Tokenization
The universal dependency annotation is based on a lexicalist view of syntax, which means that dependency relations hold between words. Hence, morphological features are encoded as properties of words and there is no attempt at segmenting words into morphemes. However, it is important to note that the basic units of annotation are syntactic words (not phonological or orthographic words), which means that we systematically want to split off clitics, as in Spanish dámelo = da me lo, and undo contractions, as in French au = à le. (In principle, the lexicalist view could also be taken to imply that certain multiword annotations should be treated as single words in the annotation. So far, however, multiword expressions are annotated as such using special dependency relations, rather than by collapsing multiple tokens into one.)

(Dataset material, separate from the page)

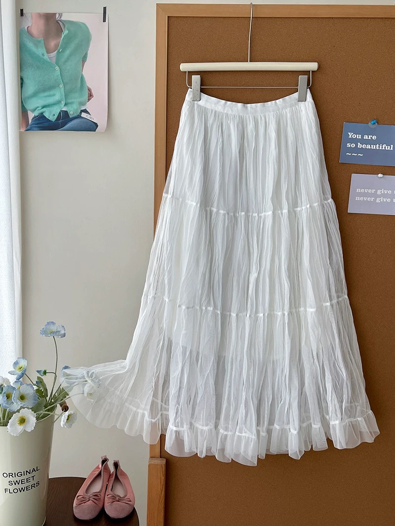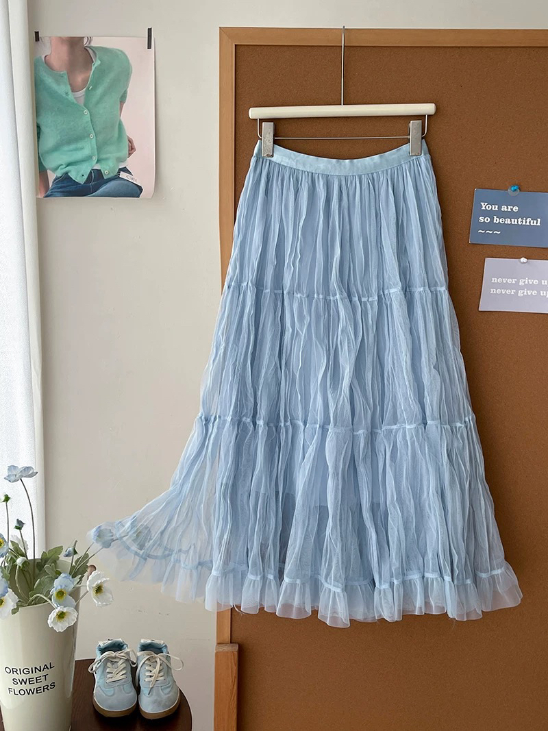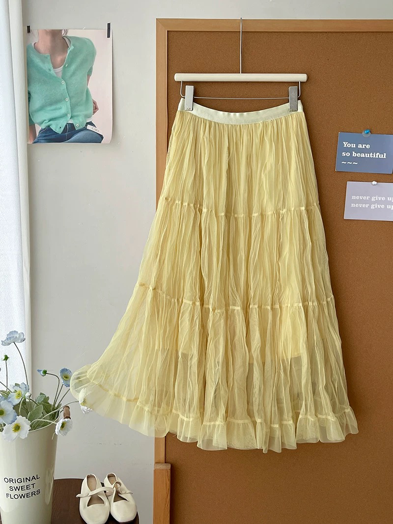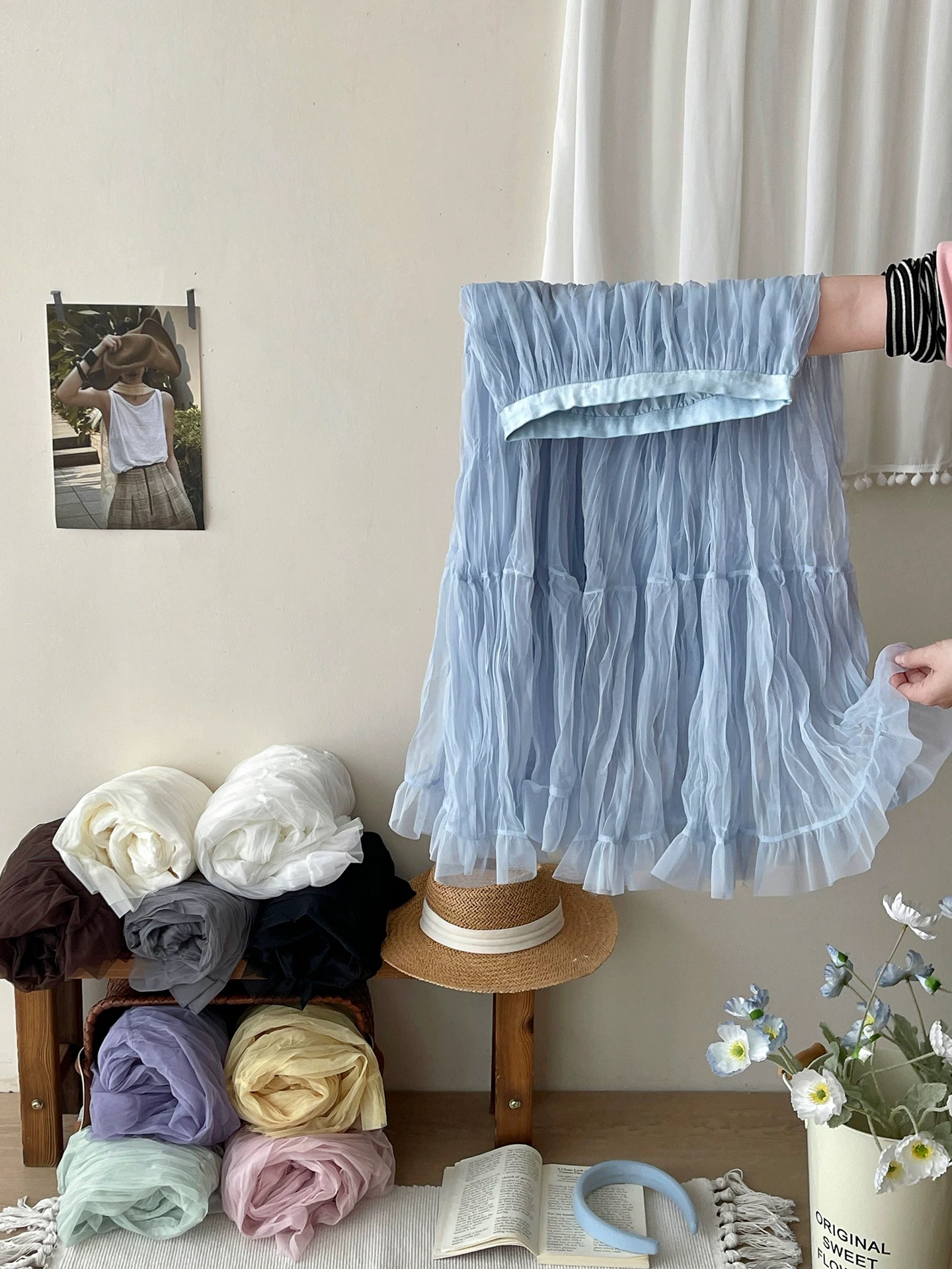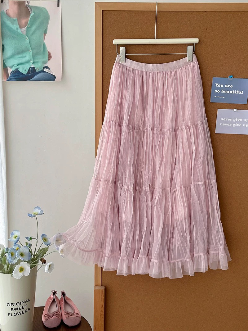 法式甜美网纱拼接百褶蛋糕半身裙女春夏遮胯松弛感超仙大摆a字裙
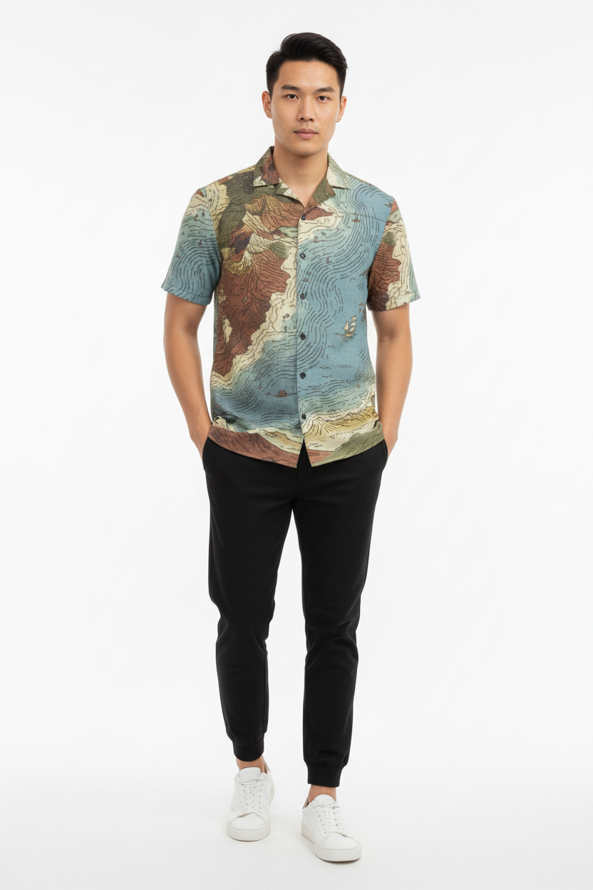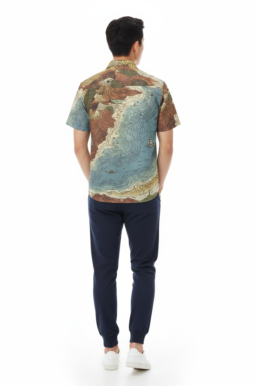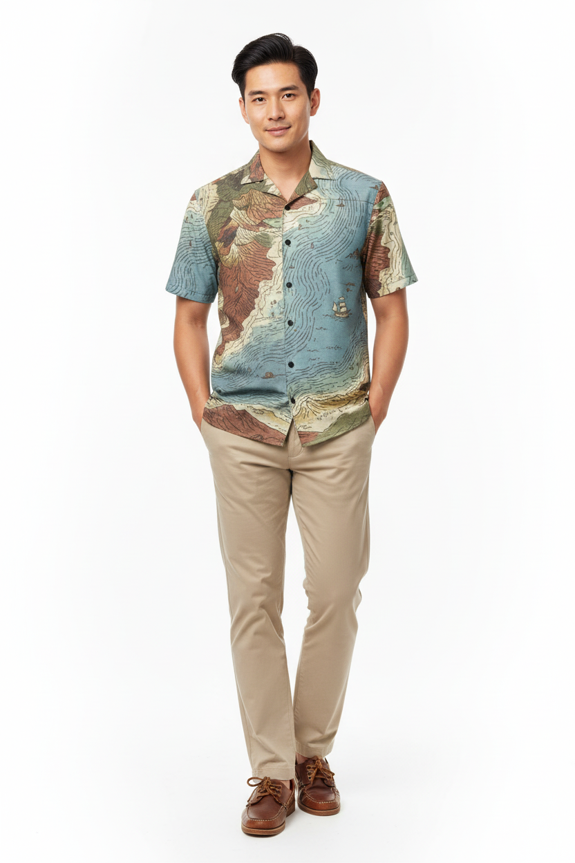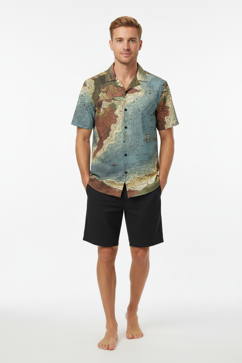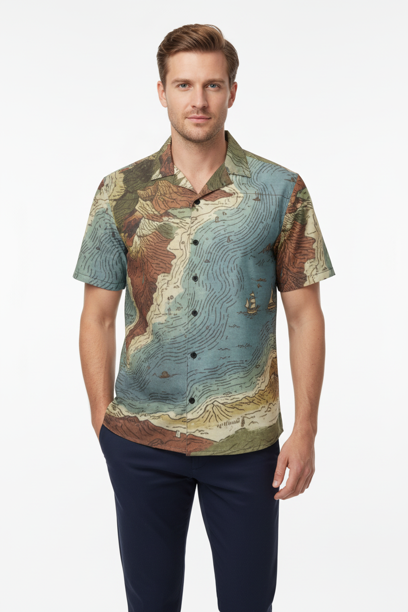 Designed for those who appreciate nautical aesthetics and vintage cartography, this unisex shirt transitions seamlessly from beach days to casual outings, bringing a touch of maritime adventure to your wardrobe.

Since word segmentation in general is a non-trivial task in many languages, and since the usefulness of tools trained on treebank data ultimately depends on how well the word segmentation can be reproduced for new data, it is important to document the principles of word segmentation for each language. The nature of this documentation will vary from one language to the next, depending on properties of the language and the writing system. For languages where word segmentation can be performed by a simple script given white-space and punctuation, only the words need to be represented in the treebank. For languages not using white-space at all, such as Chinese and Japanese, a complex word segmentation algorithm has to be employed, but there is no need to represent the basic character sequence in the treebank since it is completely recoverable from the word representation. By contrast, in languages where the mapping between white-space delimited tokens and syntactic words is highly ambiguous, such as Arabic and Hebrew, we provide the option of including both tokens and words in the treebank using a two-level indexing scheme described in the CoNLL-U format section. The morphological and syntactic annotation is only defined at the word level, but a heuristic mapping to the token level can usually be provided.
Language-specific extensions to this documentation must describe how tokenization and word segmentation has been performed for each language (including references to standard tokenization schemes if any), whether the treebank includes (multiword) tokens as well as words, and what types of white-space separated tokens are split into multiple words (if any).